Preethi Ramanujam
Preethi Ramanujam

Reputation: 671

How to combine multiple And and Or through method name

I am trying to migrate the application. I am working on from Hibernate to Spring Data JPA.

Though Spring Data JPA offers simple methods for query building, I am stuck up in creating query method that uses both And and Or operator.

MethodName - findByPlan_PlanTypeInAndSetupStepIsNullOrStepupStepIs(...)

When it converts into the query, the first two expressions are combined and it executes as [(exp1 and exp2) or (exp3)], whereas required is ](exp1) and (exp2 or exp3)].

Can anyone please let me know if this is achievable through Spring Data JPA?

Upvotes: 67

Views: 93335

Answers (4)

Damir Djordjev
Damir Djordjev

Reputation: 740

I agree with Oliver on long and unreadable method names, but nevertheless and for the sake of argument, you can achieve desired result by using the equivalency

A /\ (B \/ C) <=> (A /\ B) \/ (A /\ C)
A and (B or C) <=> (A and B) or (A and C)

So in your case it should look something like this:

findByPlan_PlanTypeInAndSetupStepIsNullOrPlan_PlanTypeInAndStepupStepIs(...)

Upvotes: 64

fateddy
fateddy

Reputation: 7147

Option1: You could use named-queries (see Using JPA Named Queries):

@Entity
@NamedQuery(name = "User.findByEmailAddress",
  query = "select u from User u where u.emailAddress = ?1")
public class User {

}

public interface UserRepository extends JpaRepository<User, Long> {

   User findByEmailAddress(String emailAddress);
}

Option2: use @Query to write your custom queries (see Using @Query)

public interface UserRepository extends JpaRepository<User, Long> {

   @Query("select u from User u where u.emailAddress = ?1")
   User findByEmailAddress(String emailAddress);
}

Upvotes: 14

leonardo rey
leonardo rey

Reputation: 737

Use something like

findByFirstElementAndCriteriaOrSecondElementAndCriteria

is like (first & condition) OR ( second & condition) --> condition & ( first or second)

Upvotes: 19

Oliver Drotbohm
Oliver Drotbohm

Reputation: 83051

It's currently not possible and also won't be in the future.

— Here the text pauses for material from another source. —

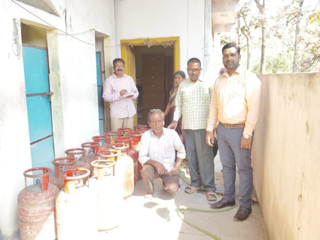 జనగామ ప్రతినిధి,(లీడ్స్ న్యూస్)::అక్రమంగా గ్యాస్ సిలండర్ నిల్వచేసి రీఫిల్లింగ్ చేస్తున్నాడనే సమాచారం మేరకు జనగామ జిల్లా పాలకుర్తిలో ఉప్పల శ్రీనివాస్ పై కేసు బుధవారం నమోదయింది. జనగామ సివిల్ సప్లై డిటి లచ్చు నాయక్ నేతృత్వంలో అధికారులు మధ్యాహ్నం అకస్మాత్తుగా దాడిచేసి అక్రమంగా నిల్వ చేసి ఉంచిన 15 సిలిండర్లను స్వాధీనం చేసుకున్నారు. అతనిపై 6ఏ కేసు నమోదు చేయడంతో పాటు పోలీస్ స్టేషన్ లో కూడా ఫిర్యాదు చేశారు. అనుమతి లేకుండా సిలిండర్లను నిల్వ ఉంచడమే కాకుండా రీఫిలింగ్ చేయడం నేరమని లచ్చు నాయక్ తెలిపారు. సివిల్ సప్లై అధికారులు ఇ. శ్రీనివాస్,ఇర్ఫాన్ తదితరులు ఉన్నారు.

I'd argue that even if it was possible, with a more complex query you wouldn't want to artificially squeeze all query complexity into the method name. Not only because it becomes hard to digest what's actually going on in the query but also from a client code point of view: you want to use expressive method names, which — in case of a simple findByUsername(…) — the query derivation allows you to create.

For more complex stuff you' just elevate query complexity into the calling code and it's advisable to rather move to a readable method name that semantically expresses what the query does and keep the query complexity in a manually declared query either using @Query, named queries or the like.